Is this legitimate? Yes. The patent is the government’s method of encouraging pharmaceutical research, by guaranteeing a return on investment. Is it ethical? Well … let’s say it is practical. Without the patents and the ad campaigns, pharmaceutical companies could not afford the research at all.
Any medical student or nursing student will admit that on learning the symptoms of a disease, there is a human tendency to suspect one is suffering from that disease. And the ordinary person in the street is often relieved to discover a reason for some odd little symptom he or she has noticed in the past. Even doctors, hoping to have their patients feel 100%, will become curious.

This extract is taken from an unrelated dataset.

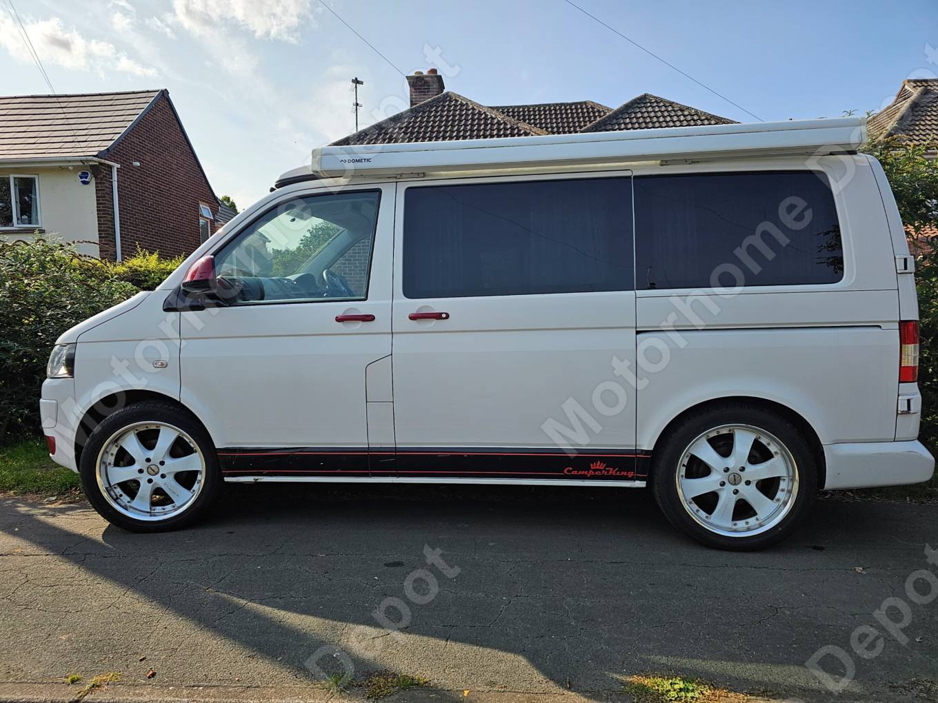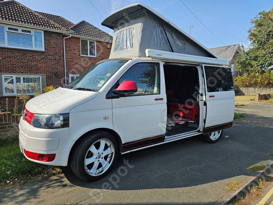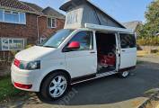A 2013 Volkswagen Transporter T6 with a top conversion by Camper King conversion. (see https://www.camperking.co.uk/ )

A good example is hepatitis C. A check with the CDC site suggests that anyone who is a “baby boomer” should be tested. Since this is the largest purchasing group in America, such testing would bring in a good amount of income, especially if tests are positive. Hep C has a dormant form which doesn’t display symptoms for decades, so this older population is most at risk. Hep C is not recognized in standard blood tests, so anyone who was an intravenous drug user or who had a transfusion before 1992 (at which point blood supplies started testing for Hep C) is at risk. This narrows down the number of prospective patients but is not included in the advertising.